Live Nation responds to US senators urging ticketing investigation
Live Nation has responded to two American senators asking the US Department of Justice (DOJ) to investigate competition irregularities in the ticketing industry.
As Pollstar reports, they cited “serious concerns that online ticket markets are not working for American consumers.”
Live Nation’s response, not surprisingly, has to say the senators got it wrong, and there is no need for an inquiry.
The letter took issue with Live Nation. When it was allowed to merge with Ticketmaster in 2010, the DOJ received warnings and criticisms from some of the live sector.
The DOJ approved the merger, telling he two companies they were under the consent decree that they not ban concerts and venues from buildings that do not use Ticketmaster, or retaliate when a venue uses a Ticketmaster competitor.
“The consent decree has been criticized as ineffective, and there have been disturbing reports that Live Nation has flouted its conditions,” the letter read.
Live Nation’s compliance has been under investigation for some years, amidst complaints from rivals.
They also claim venues which use Ticketmaster get priority.
The senators’ letter cited a New York Times article about allegations from the live sector of anti-competitive practices.
The DOJ consent decree runs out in July 2020, and the senators want the investigation to start immediately, and to extend tthe conditions.
Live Nation emailed a statement to US media, challenging the senators’ claims.
“Unfortunately, the senators’ letter is based on a fundamental misunderstanding of our consent decree and general ticketing industry dynamics.
“Ticketmaster has been successfully growing its client base over the past decade as a result of continuous innovation and providing the best ticketing solution in the industry.

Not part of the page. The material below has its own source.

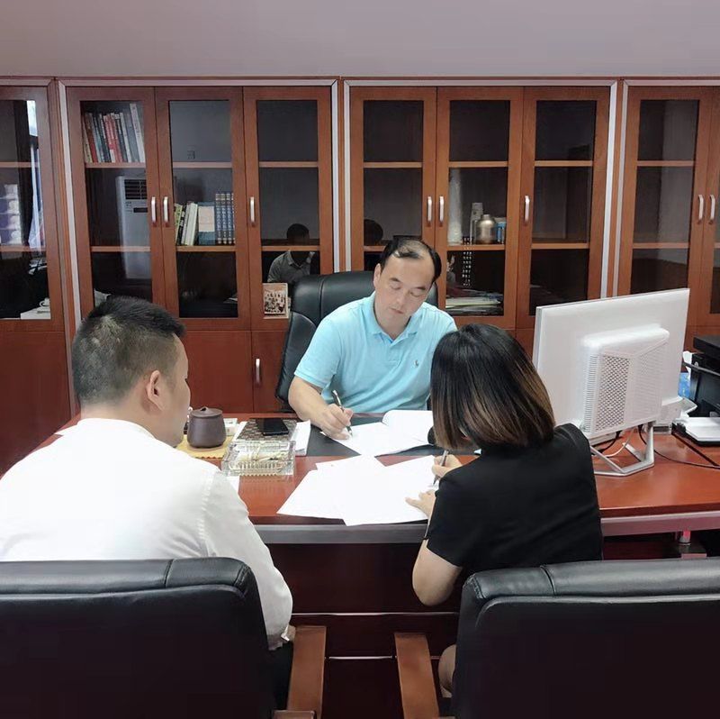 (普鲁菲尔总经理邓金波与诚云科技董事长定莲群签合同现场)

“During that period, Live Nation and Ticketmaster have always complied with their obligations under the consent decree.
“We do not force anyone into ticketing agreements by leveraging content, and we do not retaliate against venues that choose other ticketing providers.
“Nevertheless, for years now some competitors have found it useful to confuse the issue with misinformation and baseless allegations of consent decree violations.
“These complaints have been investigated by the Department of Justice pursuant to its broad powers to monitor compliance with the decree.
“There is no cause for further investigations or studies.”